Subacute intrinsic diseases that involve small blood vessels include small vessel vasculitides affecting glomerular capillaries, atheroembolic disease, and diseases that cause microangiopathy and hemolytic anemia (MAHA) such as thrombotic thrombocytopenic purpura-hemolytic uremic syndrome (TTP/HUS), scleroderma, and malignant hypertension. (See "Clinical presentation, evaluation, and treatment of renal atheroemboli" and "Moderate to severe hypertensive retinopathy and hypertensive encephalopathy in adults", section on 'Clinical manifestations and diagnosis' and "Renal disease in systemic sclerosis (scleroderma), including scleroderma renal crisis" and "Glomerular disease: Evaluation and differential diagnosis in adults".)

Intrinsic renal vascular diseases that involve larger vessels include renal infarction from aortic dissection, systemic thromboembolism, or renal artery abnormalities (such as aneurysm). Renal vein thrombosis is most frequently associated with massive proteinuria in the setting of nephrotic syndrome. (See "Renal infarction" and "Renal vein thrombosis and hypercoagulable state in nephrotic syndrome".)

Intrinsic glomerular disease — Disorders that produce glomerular disease can be classified as being primary (idiopathic, not associated with systemic disease) or secondary (such as paraneoplastic, drug induced, or part of a systemic rheumatologic disease). Two general patterns are observed (with considerable overlap in some diseases) (table 1):

A nephritic (proliferative) pattern produces an active urine microscopy with red blood cell (RBC) casts, dysmorphic red cells, and a variable degree of albuminuria [8,9]. (See "Glomerular disease: Evaluation and differential diagnosis in adults".)

A nephrotic (nonproliferative) pattern is associated with proteinuria, usually in the nephrotic range (>3.5 g per 24 hours or on spot/random protein-to-creatinine ratio), and an inactive urine microscopy with few cells or casts. (See "Glomerular disease: Evaluation and differential diagnosis in adults".)

The quantification of protein excretion is discussed elsewhere. (See "Assessment of urinary protein excretion and evaluation of isolated non-nephrotic proteinuria in adults".)

Both patterns can present with an acute or more chronic time course, and elements of both may be observed simultaneously or sequentially in the same patient. The differential diagnosis of glomerular disease is discussed elsewhere. (See "Glomerular disease: Evaluation and differential diagnosis in adults".)

Intrinsic tubular and interstitial disease — Subacute tubulointerstitial diseases include interstitial nephritis (which is often drug induced and commonly called acute interstitial nephritis), cast nephropathy in multiple myeloma, and acute phosphate nephropathy following a phosphate-containing bowel preparation [10]. (See "Etiology and diagnosis of prerenal disease and acute tubular necrosis in acute kidney injury in adults" and "Clinical manifestations and diagnosis of acute interstitial nephritis" and "Epidemiology, pathogenesis, and etiology of kidney disease in multiple myeloma and other monoclonal gammopathies" and "Clinical manifestations of hypercalcemia", section on 'Renal insufficiency' and "Tumor lysis syndrome: Definition, pathogenesis, clinical manifestations, etiology and risk factors" and "Acute phosphate nephropathy".)

ATN never causes subacute kidney injury but rather always presents as AKI. However, AKI, especially if severe or frequently recurrent, may not recover completely, resulting in irreversible CKD. In such patients, if the elevated creatinine is identified within three months, it may be erroneously "classified" as subacute kidney injury.

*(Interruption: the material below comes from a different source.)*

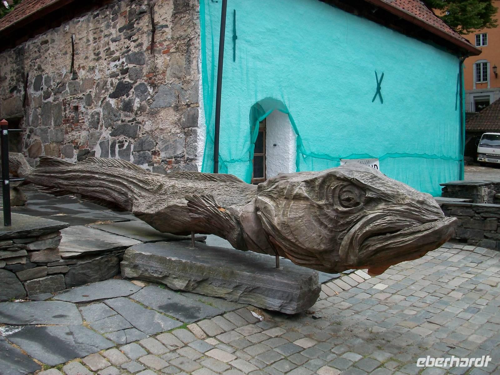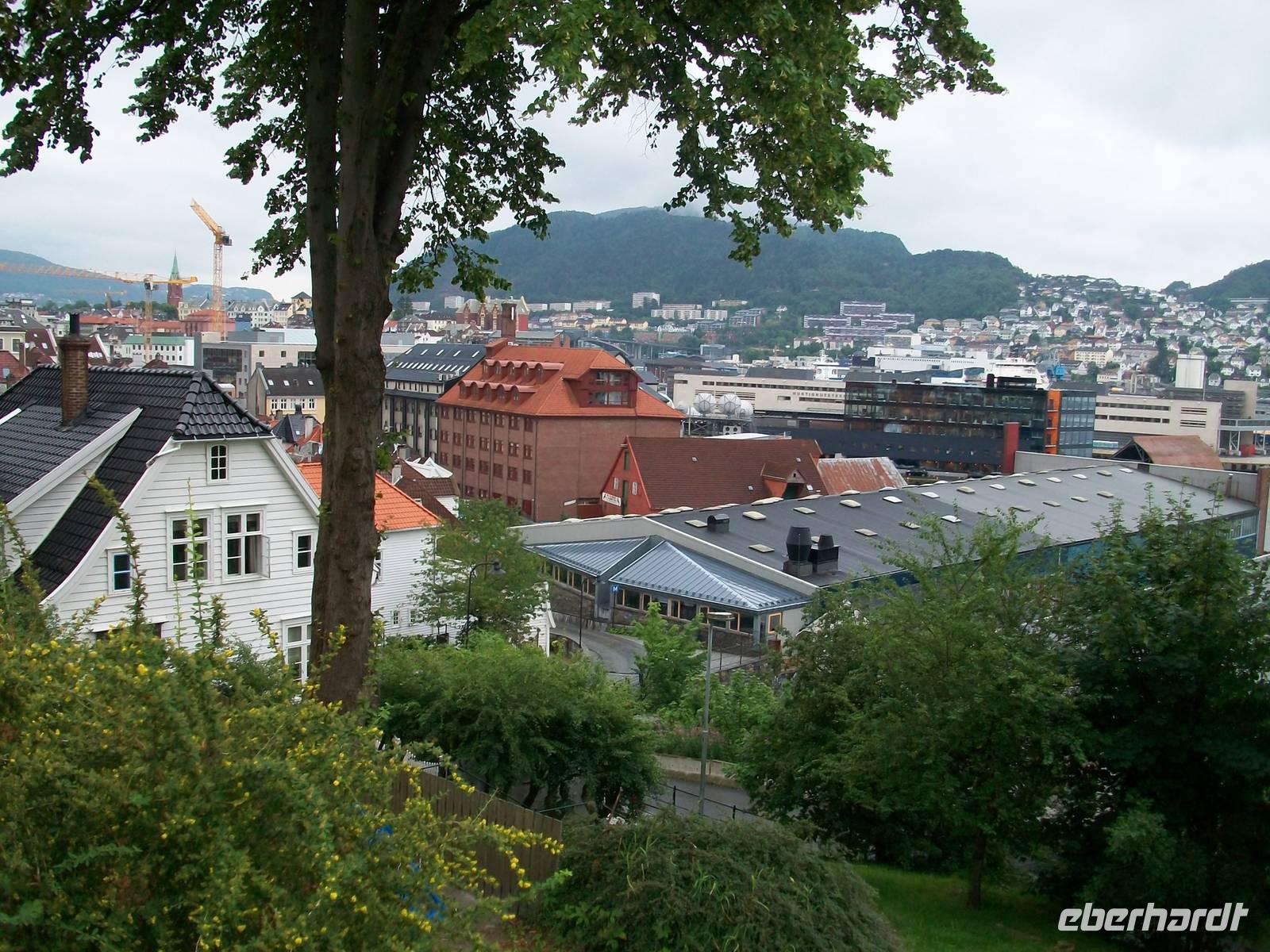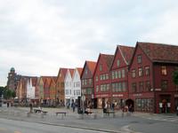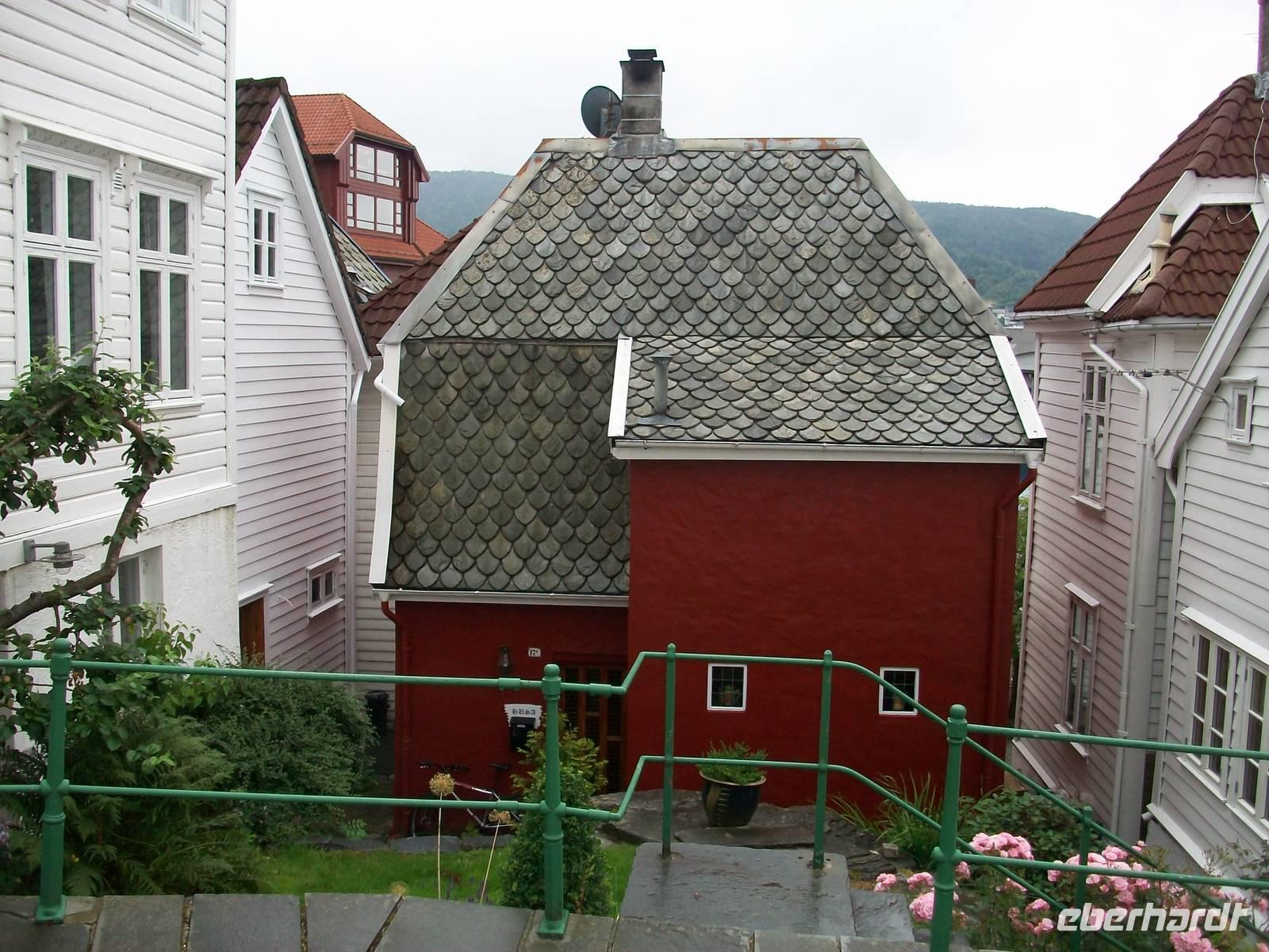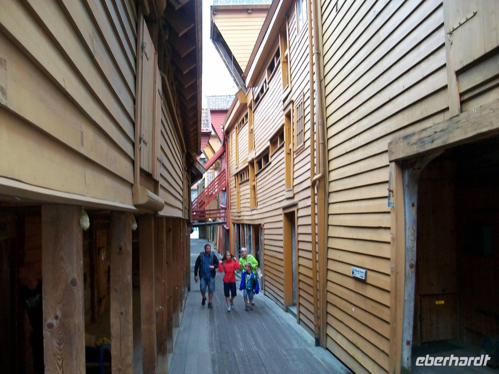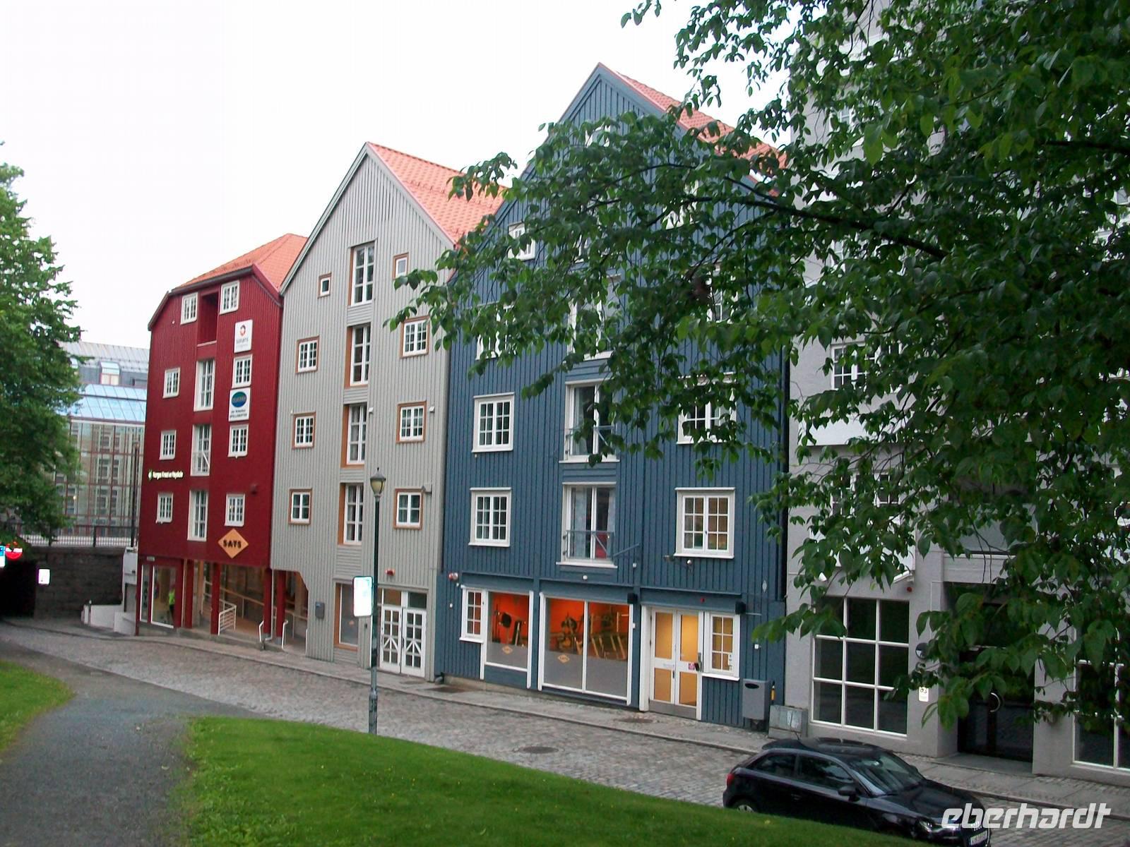 Entlang gepflegter Straßenzüge und eleganter Häuser gelangen wir über den Hafen in einen der ältesten Stadtteile von Bergen. Karin, unsere Führerin, begleitet uns nun bei einem Rundgang durch diese alten Holzgebäude mit dem schönen Anstrich und dem gepflegten Blumenschmuck. Es ist eine ruhige Gegend; als wir weiter fahren, kommen wir wieder am quirligen Hafen vorbei und sehen die Häuserreihe des historischen Kaufmannsviertels Bryggen. Die Häuser haben einen verschiedenen Anstrich und stehen zumeist auch ziemlich schief weil der Untergrund nicht sehr stabil ist.

Causes of AKI are often easily identified in the history, such as cardiac surgery or severe sepsis, and chronicity can be established by close follow-up of the patient.

Obstructive nephropathy — Obstruction may occur anywhere in the urinary tract. Among patients who do not have underlying CKD, a substantial reduction in glomerular filtration rate (GFR) suggests bilateral obstruction (or unilateral obstruction of a single functioning kidney). This is most commonly due to prostatic disease (hyperplasia or cancer) or metastatic cancer. Retroperitoneal fibrosis is a rare cause of chronic ureteral obstruction. (See "Clinical manifestations and diagnosis of retroperitoneal fibrosis".)

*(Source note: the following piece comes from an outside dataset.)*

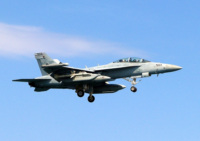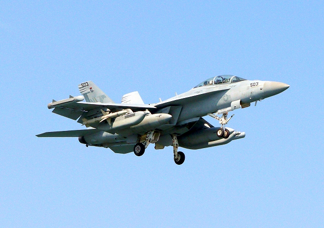 米海軍艦載機 EA-18G グラウラー 電子戦機戦闘攻撃機(岩国基地)、NF、503番機が帰還 |

Acute obstruction of the urinary tract usually causes symptoms of pain (renal colic or suprapubic fullness), but gradual, severe obstruction may cause renal dysfunction without obvious symptoms. If untreated, obstructive nephropathy leads to irreversible tubulointerstitial fibrosis (ie, intrinsic disease). (See "Clinical manifestations and diagnosis of urinary tract obstruction and hydronephrosis", section on 'Symptoms and signs'.)

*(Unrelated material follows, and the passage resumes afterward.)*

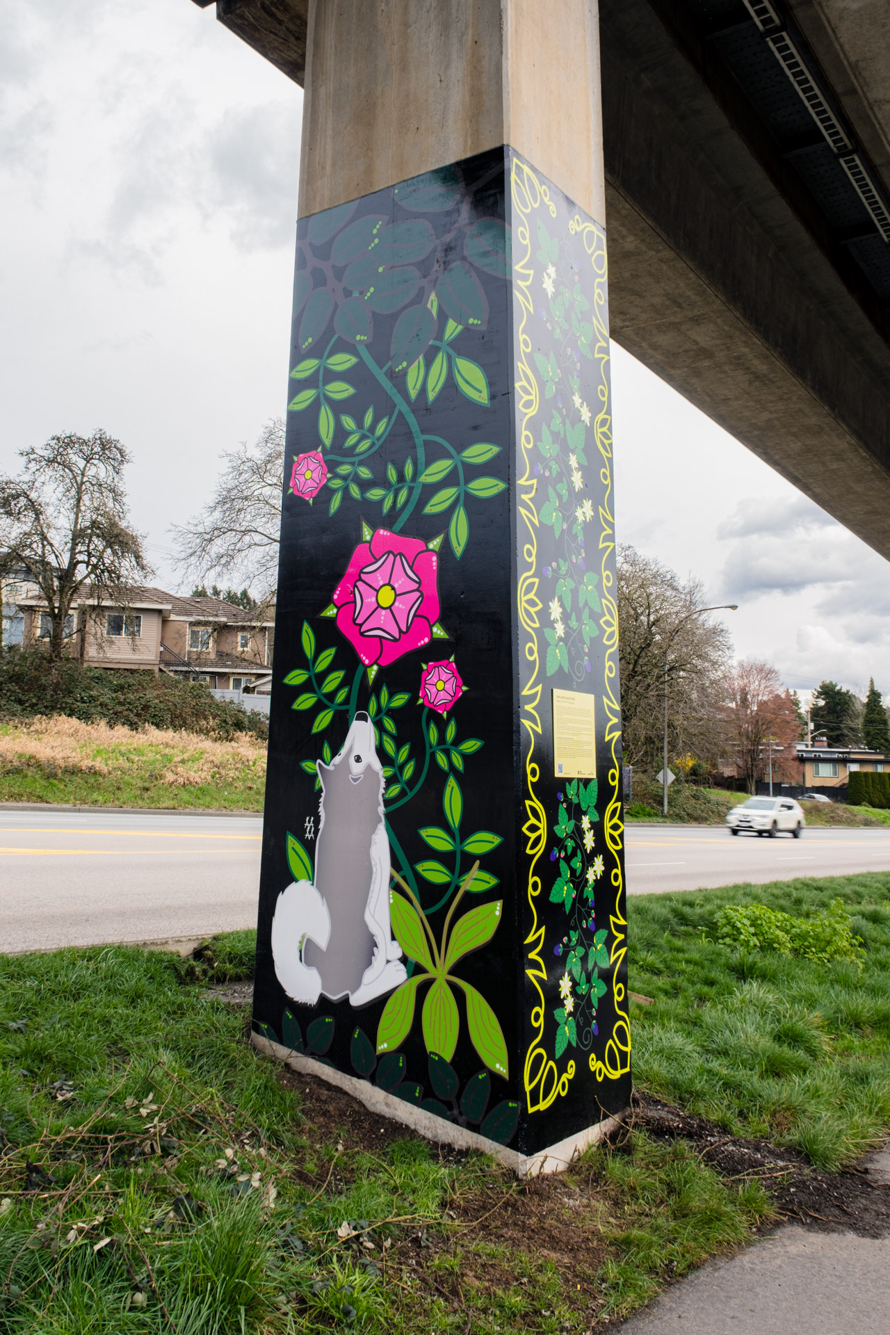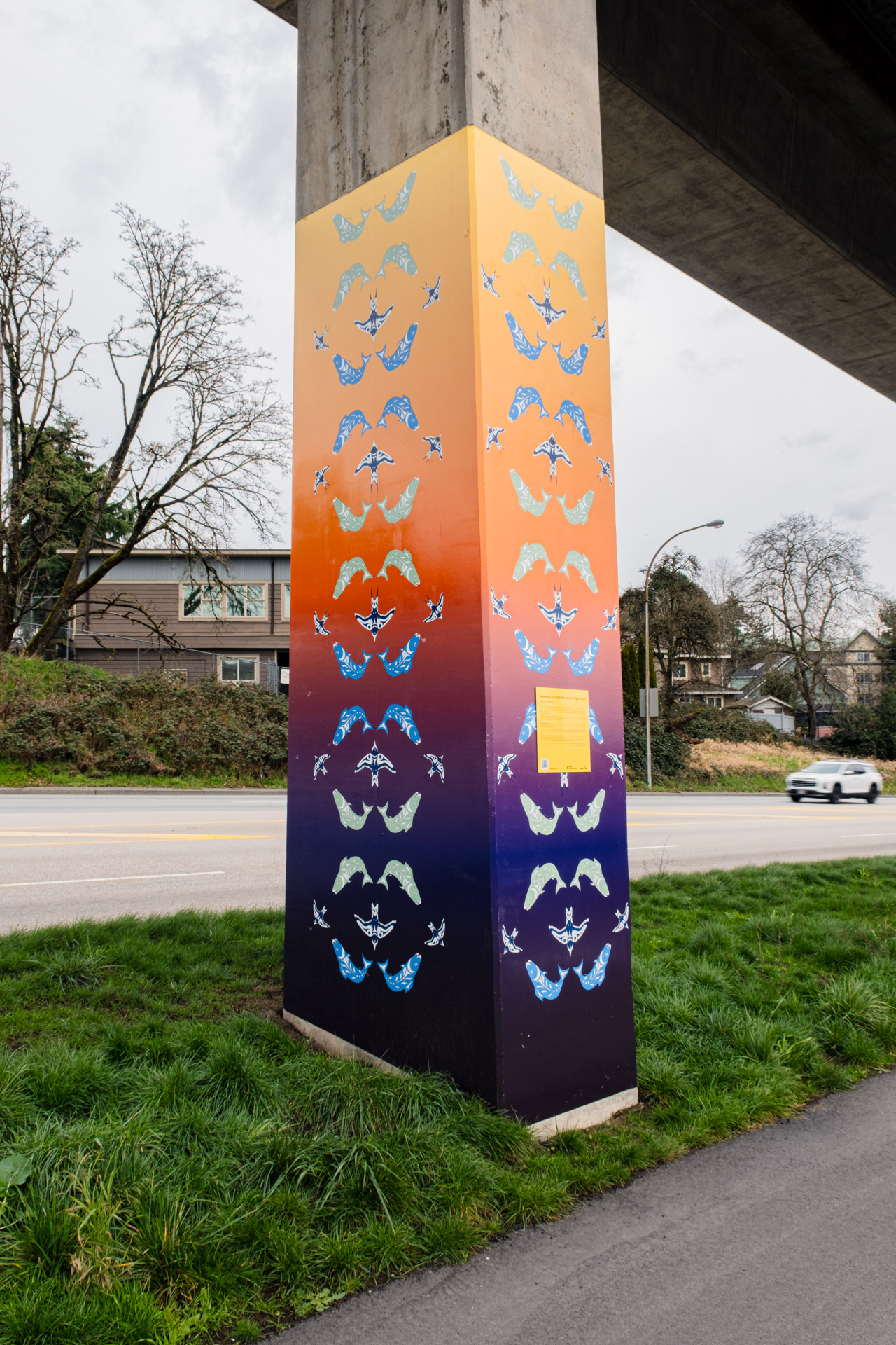 If you travel between 22nd Street and New Westminster SkyTrain stations on Expo Line, you’re traveling beside the newest public art installation on transit. Seven indigenous artists from diverse Nations have designed the vibrant artwork that grace SkyTrain guideway pillars along Stewardson Way in New Westminster.
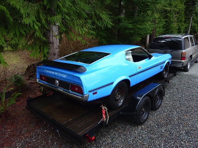 That is how the ad was written... I found this car advertised on Feb. 12, I emailed the seller and asked for his phone number, I had some questions and wanted to make arrangements to see the car. He replied later that evening and I phoned him yesterday morning. The car has been in his family for 25 years, it was his uncles car. It has a strong 351 with an automatic but he said it originally had a 429. I made arrangments to see the car when he got home from work and I told him I will bring cash and a trailer, he thought that was great and because of that I got to see the car first. Now I don't know anything about these cars, nothing at all so I spent most of the day reading all the information I could find, I really enjoy this type of education! Knowing that this car possibly had a 429 I was of course hoping it would be a J code car with the Drag Pac, that would be really cool but I was expecting it to be a 351 car. When we arrived at the sellers home he asked me to meet him around the side of his house where the car was parked. I walked up to it and immediately checked the VIN and there was that &quot;J&quot; I was hoping for, wow! I asked to see the regi/title to make sure the VIN matched and it did. It was pouring rain and I really didn't feel like crawling all over and under the car and since it was a J code it really didn't matter how bad it was, I wanted it so we made a deal and we took it home. Oh, I did look inside and noticed it had a fold down rear seat that was down and it had a bunch of junk on it, I noticed a flat panel underneath everything, I hoped it was for the Ram Air system, it was. I sent for the Marti Report last night at 9:55pm and recieved it this morning at 8:05am, that was quick. The car was built at Dearborn in Dec. 1970, 429-4V Engine Ram Air, Four Speed Close Ratio Transmission, 3.50 Traction-Loc Rear Axle, Grabber Blue Paint, White Clarion Knit/Corinthian Vinyl Bucket Seat, Immersion Block Heater, F70x14 Wide Oval Belted Raised White Letter Tires, Power Steering, Sport Deck Rear Seat, Power Front Disc Brakes, Rear Window Electric Defrost, AM/FM Stereo Radio, Console and Tinted Glass. The Dealer was P. E. Boisvert Auto Ltee in Boucherville, Quebec, Canada. This is my second Ford, my grandmother gave me her 1956 Ford Zephyr in 1982 when I was 15 years old [img]<<GRAEMLIN_URL>>/smile.gif[/img]

CLINICAL MANIFESTATIONS — Patients with subacute kidney injury may present with symptoms and signs resulting directly from diminished kidney function. These include edema, hypertension, and/or decreased urine output. Patients with rheumatologic diseases affecting the kidney may have subtle joint or skin manifestations. However, many patients have no clinical symptoms. In such patients, kidney injury is detected by laboratory tests that are obtained, potentially as part of an evaluation of an unrelated disorder.

Symptoms and/or signs of prolonged renal failure, including weakness and easy fatigability, anorexia, vomiting, mental status changes, and seizures, are generally not present in patients with subacute injury, although exceptions may occur. Such symptoms suggest severe acute kidney injury (AKI) or advanced chronic kidney disease (CKD).

The total absence of urine (anuria) is never observed with subacute injury and always indicates AKI. Anuria occurs as a result of shock, bilateral urinary tract obstruction, pregnancy-related cortical necrosis, or any process that causes severe, prolonged loss of renal perfusion. (See "Evaluation of acute kidney injury among hospitalized adult patients".)

The major, and occasionally the only, laboratory finding in patients with subacute kidney injury is an increased serum creatinine concentration. Increased urea (blood urea nitrogen [BUN]) and hyperkalemia may also be present. Albuminuria and/or abnormal urine microscopy may be present. (See 'Urinalysis' below.)

Incidental findings (eg, multiple renal cysts suggestive of polycystic kidney disease [PKD]) may be observed on radiographic imaging performed for some other reason.

EVALUATION

Overview — Once kidney disease is discovered and determined to be subacute in onset, the underlying cause should be identified, if possible. Frequently helpful are a careful history, review of medications, and physical examination (eg, signs of volume contraction).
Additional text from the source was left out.